3.) order one day and rescinds it the next. But we learned - definitely that he left Antwerp (Belgium) last Monday - for New York. We don't know the name of the boat - but he may be here in a week or ten days, or even fifteen. He is with the 381st Engineers - Comp. A. bat. C. So there is nothing that we can do but wait. And I cannot miss being here when he finally does arrive.

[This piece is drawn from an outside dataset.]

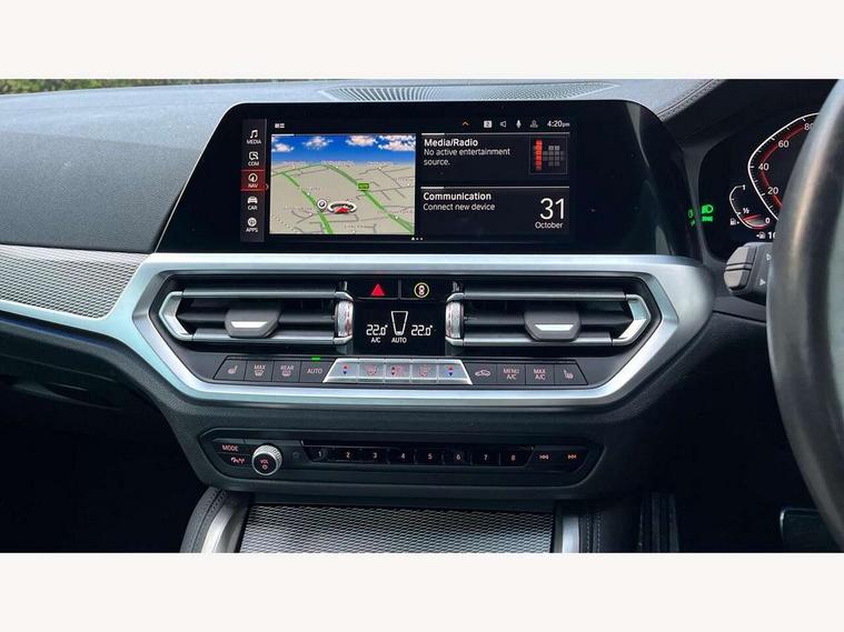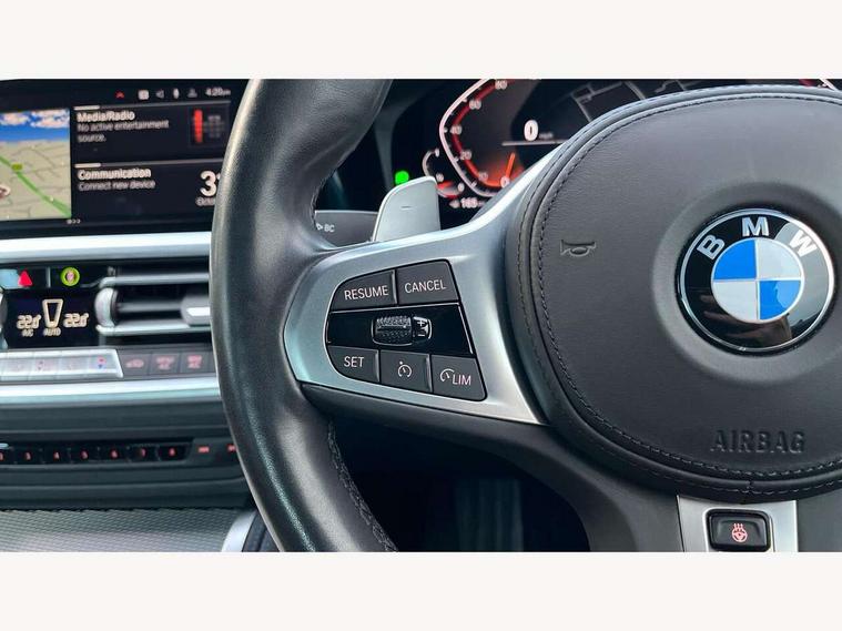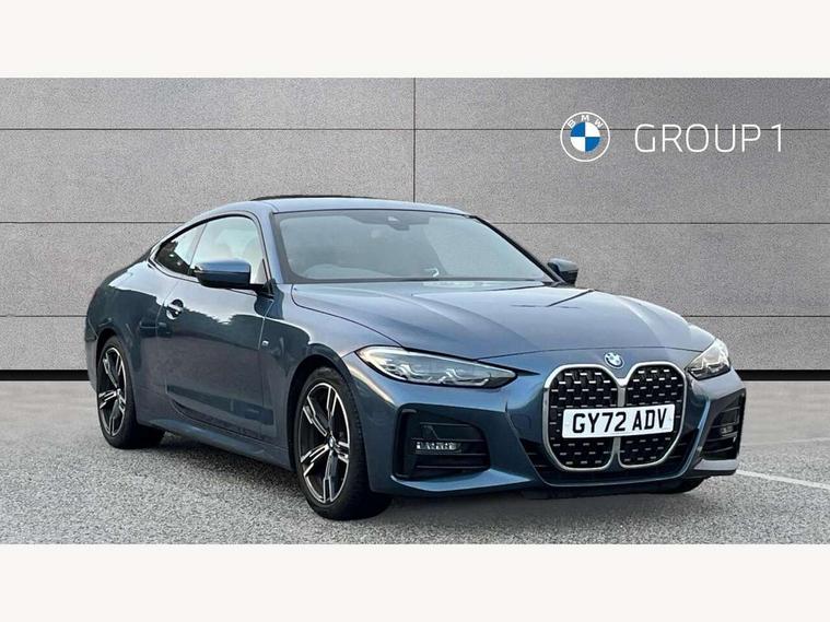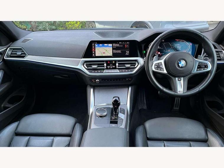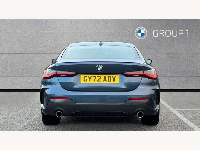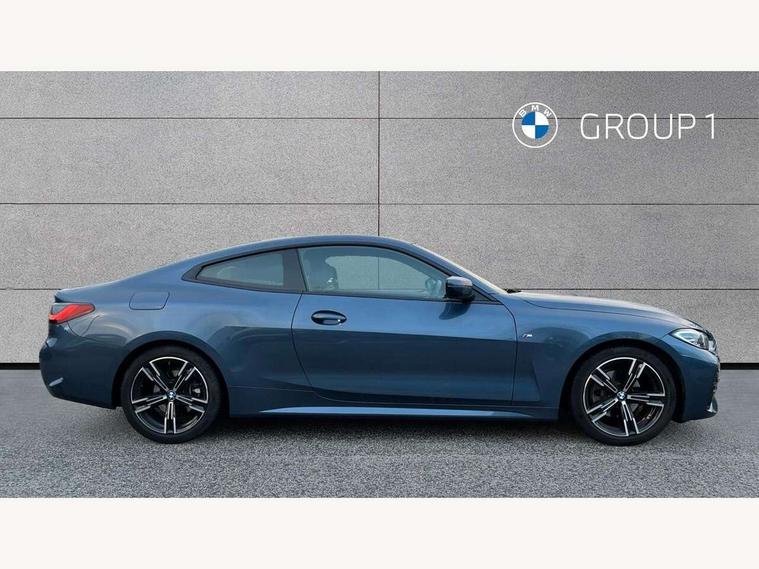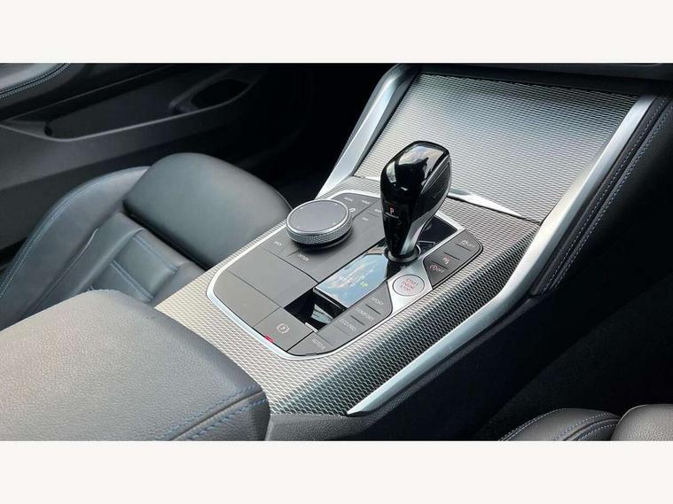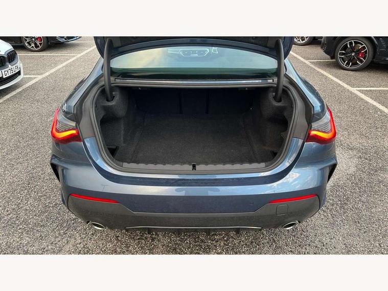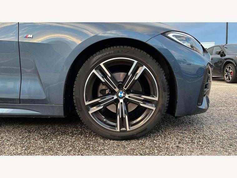 Active guard plus, Attentiveness assist, Auto start-stop, BMW ConnectedDrive online services, BMW iDrive controller on centre console, BMW Live Cockpit Professional Nav with 12.3" instrument display + 10.25" display, Intelligent Voice Assist, BMW OS 7, HDD, 2USB, 4G LTE connect, BMW service history, BMW Teleservices, Brake pad wear indicator in front and rear, Check Control warning system for monitoring of lights and door/luggage compartment open warning, Condition based service, Cruise control with speed limit function, Electric power steering with Servotronic steering optimised at all speed ranges, Gearshift time display in manual mode, Instrument cluster with speedometer with mph readout, tachometer, fuel gauge and oil temperature gauge, Integrated owners handbook, Oil sensor for level and grade, warning by check control system, On board computer - average speed, fuel consumption, outside temp display with acoustic warning, clock/date, service interval, odometer/trip meter, Optimum shift indicator, Run flat indicator, Shifting point display, Touch control functionality for BMW Live Cockpit Professional Nav, Variable sport steering, 8 speed automatic steptronic transmission with gearshift paddles, Balanced 50/50 weight distribution, Double joint spring strut front axle, Double VANOS, Drive performance control - ECO PRO, comfort and sport modes, High precision injection, Low centre of gravity, M sport suspension, Petrol Particulate Filter, Stroke dependent dampers, VALVETRONIC engine management, 2x USB Type C ports in front centre console for charging and data transfer, 2x USB Type C ports in rear centre console for charging, DAB tuner, Electronic service booklet, Acoustic glazing, Automatic headlight beam throw control with load dependent regulating reaction, dynamic compensation of braking dive and acceleration squat, Automatic windscreen wipers and automatic headlight, Automatically dimming electrochromatic rear view mirror, BMW emblem on engine compartment lid and tailgate, BMW kidney grille with mesh grille front side of the nuggets in matt aluminium and frame in chrome high gloss, Body colour fuel filler flap, Body colour roof fin, Brushed aluminium inserts in the front door sill finishers with BMW designation, Door sill strips, Dynamic brake lights, Electric windows - front and rear, with open/close fingertip control, anti trap facility and comfort closing function all round, Exterior mirrors - electrically folding with anti-dazzle, Fading support, Follow me home headlights, Front and rear bumper system, Front apron plastic in body colour, Green tinted heat protection glazing, High gloss shadow line exterior trim, Illuminated bow type door handles in body colour drivers side with door lock, Interior rear view electrochromatic mirror with automatic anti dazzle function, LED daytime running lights, LED front fog lights, LED front indicators, Licence plate panel integrated into front bumper and tailgate, Lightweight engineering, M designation on front side panels, left and right, M rear boot spoiler, Model designation on right side of tailgate, One piece front bumper cover including towing eye cover in body colour, Preparation for high beam assistant, Rear boot, Reversing light, Side frame decorative moulding black matt, Two part LED tailights in L-shape with components in smoked glass, brake light, LED turn indicator and rear fog light, Visible exhaust tailpipe finisher, Visible VIN plate, Welcome lights in interior and door handle area, Widened track and increased camber values for max transverse dynamics, agility and steering precision, Window recess cover black high gloss, Windscreen wipers with integrated heated washing jets, 12V power socket in front centre console, 2 front cupholder in centre console with clamping elements and matt black inlay, 2 Rear seat headrests, 2 seat bench in second row, 3 spoke M sport leather multifunction steering wheel, 3 zone automatic air conditioning, 4 pieces lashing eyelets in luggage compartment, 40:20:40 split folding rear seat and rear centre armrest with two cupholders, Anthracite headlining, Armrest integrated in front and rear door trim + front centre console armrest, BMW ID, Driver seat backrest width adjustment, Four grab handles integrated in roof lining, Front and rear door pockets, Front and rear reading lights, Front sport seats, Heated driver and front passenger seats, Height adjustable front headrests, Height adjustable mechanically and infinitely variable steering column, Illuminated armrest storage compartment, Illuminated glove compartment with separate small compartment, Make-up mirror lights, Single front passenger seat, Storage compartment in rear centre console, Sunvisors with illuminated vanity mirrors and ticket pocket, Toolkit located in luggage compartment, Velour front floor mats, Vernasca leather upholstery, Ambient lighting pack - 4 Series, Connected professional pack - 4 Series, M sport exterior styling pack - 4 Series, 2 x 3-point rear seatbelts, Battery safety cut-off, BMW emergency call, Brake energy regeneration, Braking pre-tensioning, Child seat ISOFIX attachment for the two outer rear seats, Coasting in idle in ECO PRO mode, Cornering brake control (CBC), Crash sensor activating of airbags, Unlocking doors, hazard warning lights, interior light, safety battery terminal, Driver and front passenger side airbags, integrated in the door side seat backrest bolsters for all seat variants, Driver/Front Passenger airbags, Dry braking, Dynamic brake control, Dynamic stability control + (DSC+) - Anti-lock Braking System (ABS) with brake assist and cornering brake control + Automatic Stability Control (ASC), Dynamic Traction Control - DTC, Electric parking brake including automatic hold function and automatic release of the parking brake when driving off, Electronic differential lock control (EDLC), Front and rear ventilated brake disc, Front passenger manual airbag deactivation, Head airbags for all 4 outer seats, Hil
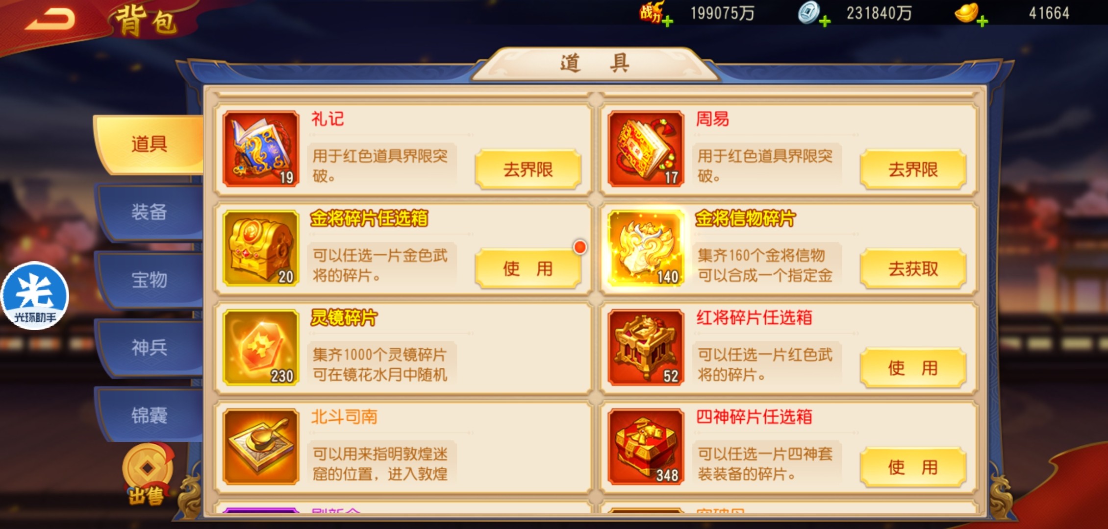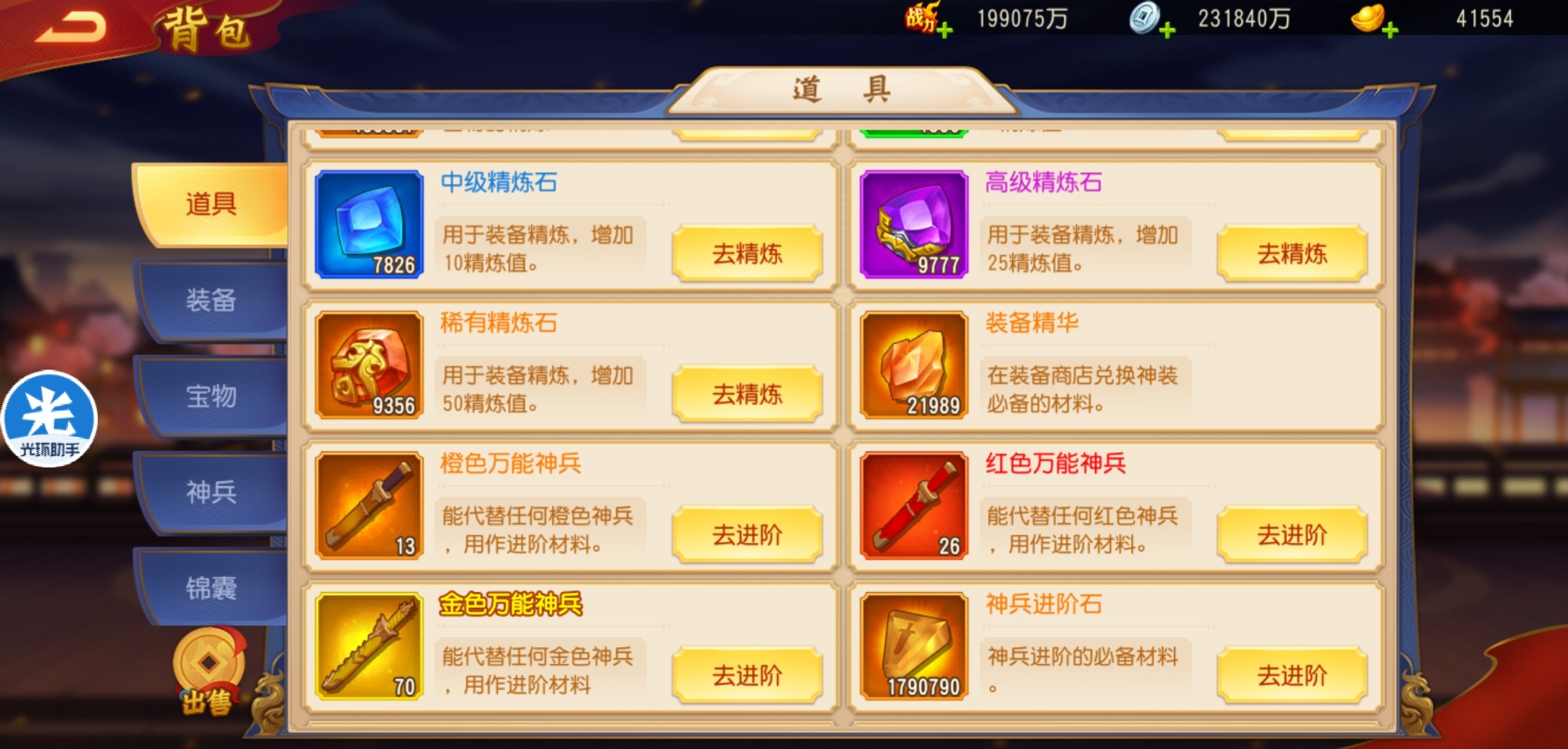 当宝物不够时,可以多消耗精力丹游历,获得宝物资源。

To add to my labors - if not to my troubles, the Whitney Museum called upon me to frame and present in good shape three large pictures for the Pioneers of Modern Art 1910-1918 in America Exhibition which will open April 1st- I will figure in this exhibition with 10 large canvases painted in the years 1910 to 1918 - 5 drawings in ink - (1911-'12-'14) and a glass case of a dozen of my little sculptures which I made in 1915-16 and 1917. The catalogue cover of this exhibition will carry a woodcut I made in 1918. The seven other early canvases the Whitney is borrowing from private collections- I don't know how many artists will be included in this exhibition - but certainly and only those who worked in the modern idiom during the years - 1910-1918.

Transcription Notes:
pages 2 and 3 are transcribed in order of reading, not according to original.